2. **Attention Calculation**: The core of the attention mechanism can be described by the formula:
\[
\text{Attention}(Q, K, V) = \text{softmax}\left(\frac{QK^T}{\sqrt{d_k}}\right)V
\]
– \( Q, K, V \) are the matrices of queries, keys, and values.
– \( d_k \) is the dimension of the keys.
– The softmax score determines the degree to which each value is factored into the output based on the dot-product similarity between corresponding query and key.

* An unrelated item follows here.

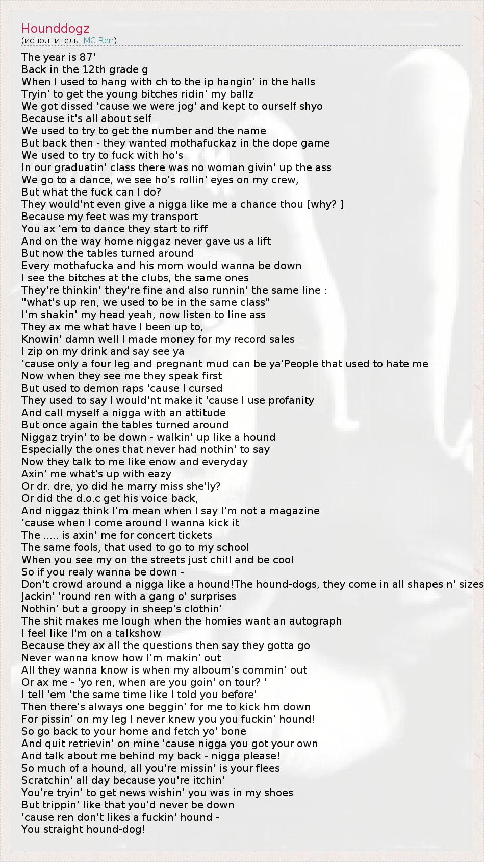 The year is 87' Back in the 12th grade g When I used to hang with ch to the ip hangin' in the halls Tryin' to get the young bitches ridin' my ballz We got dissed 'cause we were jog' and kept to ourself shyo Because it's all about self We used to try to get the number and the name But back then - they wanted mothafuckaz in the dope game We used to try to fuck with ho's In our graduatin' class there was no woman givin' up the ass We go to a dance, we see ho's rollin' eyes on my crew, But what the fuck can I do? They would'nt even give a nigga like me a chance thou [why? ] Because my feet was my transport You ax 'em to dance they start to riff And on the way home niggaz never gave us a lift But now the tables turned around Every mothafucka and his mom would wanna be down I see the bitches at the clubs, the same ones They're thinkin' they're fine and also runnin' the same line : "what's up ren, we used to be in the same class" I'm shakin' my head yeah, now listen to line ass They ax me what have I been up to, Knowin' damn well I made money for my record sales I zip on my drink and say see ya 'cause only a four leg and pregnant mud can be ya'People that used to hate me Now when they see me they speak first But used to demon raps 'cause I cursed They used to say I would'nt make it 'cause I use profanity And call myself a nigga with an attitude But once again the tables turned around Niggaz tryin' to be down - walkin' up like a hound Especially the ones that never had nothin' to say Now they talk to me like enow and everyday Axin' me what's up with eazy Or dr. dre, yo did he marry miss she'ly? Or did the d.o.c get his voice back, And niggaz think I'm mean when I say I'm not a magazine 'cause when I come around I wanna kick it The ..... is axin' me for concert tickets The same fools, that used to go to my school When you see my on the streets just chill and be cool So if you realy wanna be down - Don't crowd around a nigga like a hound!The hound-dogs, they come in all shapes n' sizes Jackin' 'round ren with a gang o' surprises Nothin' but a groopy in sheep's clothin' The shit makes me lough when the homies want an autograph I feel like I'm on a talkshow Because they ax all the questions then say they gotta go Never wanna know how I'm makin' out All they wanna know is when my alboum's commin' out Or ax me - 'yo ren, when are you goin' on tour? ' I tell 'em 'the same time like I told you before' Then there's always one beggin' for me to kick hm down For pissin' on my leg I never knew you you fuckin' hound! So go back to your home and fetch yo' bone And quit retrievin' on mine 'cause nigga you got your own And talk about me behind my back - nigga please! So much of a hound, all you're missin' is your flees Scratchin' all day because you're itchin' You're tryin' to get news wishin' you was in my shoes But trippin' like that you'd never be down 'cause ren don't likes a fuckin' hound - You straight hound-dog!
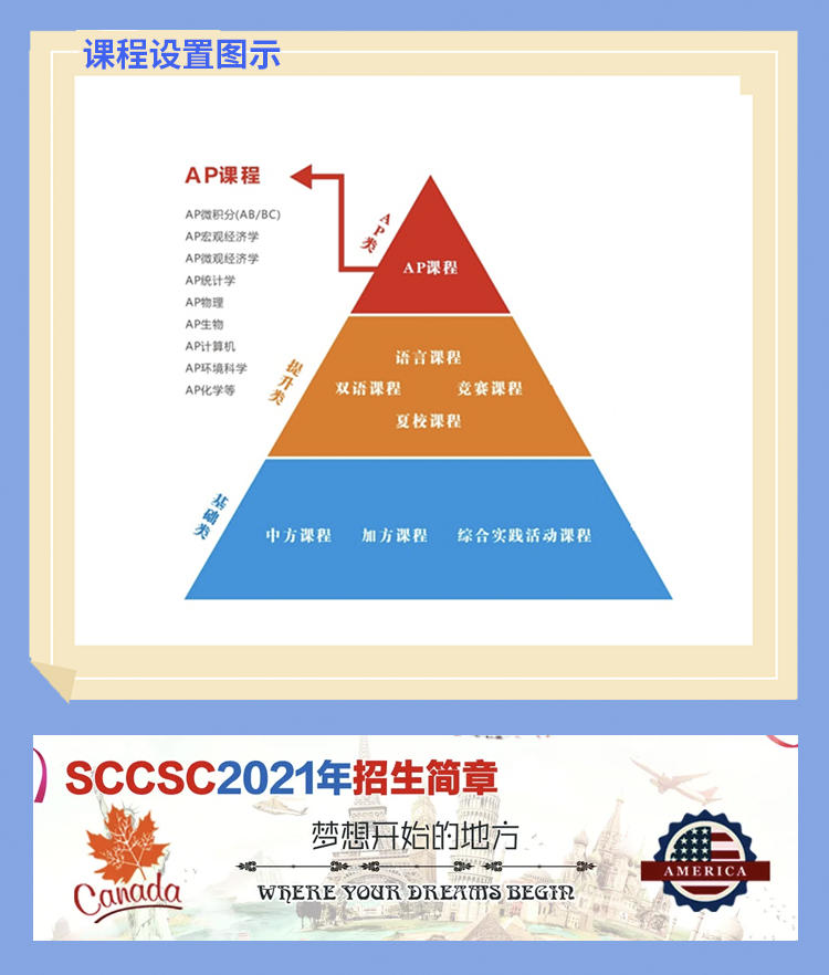 多元融合,高低相成,是中加学校的课程特色。中国普通高中课程、加拿大部分优质课程、综合实践课程是学校课程的根基。在此基础上开设的语言课程(雅思/托福/SAT)、国际竞赛、国际夏校、大学先修AP等课程,是学校课程的提升与发展。这种多元融合的课程体系,较好地满足了学生发展的需求;这种重学术宽基础的教学,较好地实现了高中与国外大学的衔接,为学生后续学习乃至终身发展都打下了坚实的基础。

3. **Role of Proximity and Contextual Similarity**: While the positional embeddings encourage the model to consider adjacent tokens more heavily (since their positional encodings are more similar), the ultimate attention each token receives is determined by a combination of its semantic similarity (as reflected in the query-key relationships) and its relative position. This dual consideration allows the Transformer to maintain context sensitivity, enhancing its ability to handle a wide variety of language understanding tasks.
### Summary
By combining positional embeddings with the token embeddings, Transformers maintain awareness of both the individual token’s meaning and its position in the sequence. This allows for effective modeling of language where the meaning often depends significantly on word order and contextual proximity. The sinusoidal pattern of positional encodings also ensures that the model can generalize to sequences of different lengths and recognize patterns across various positions within the data.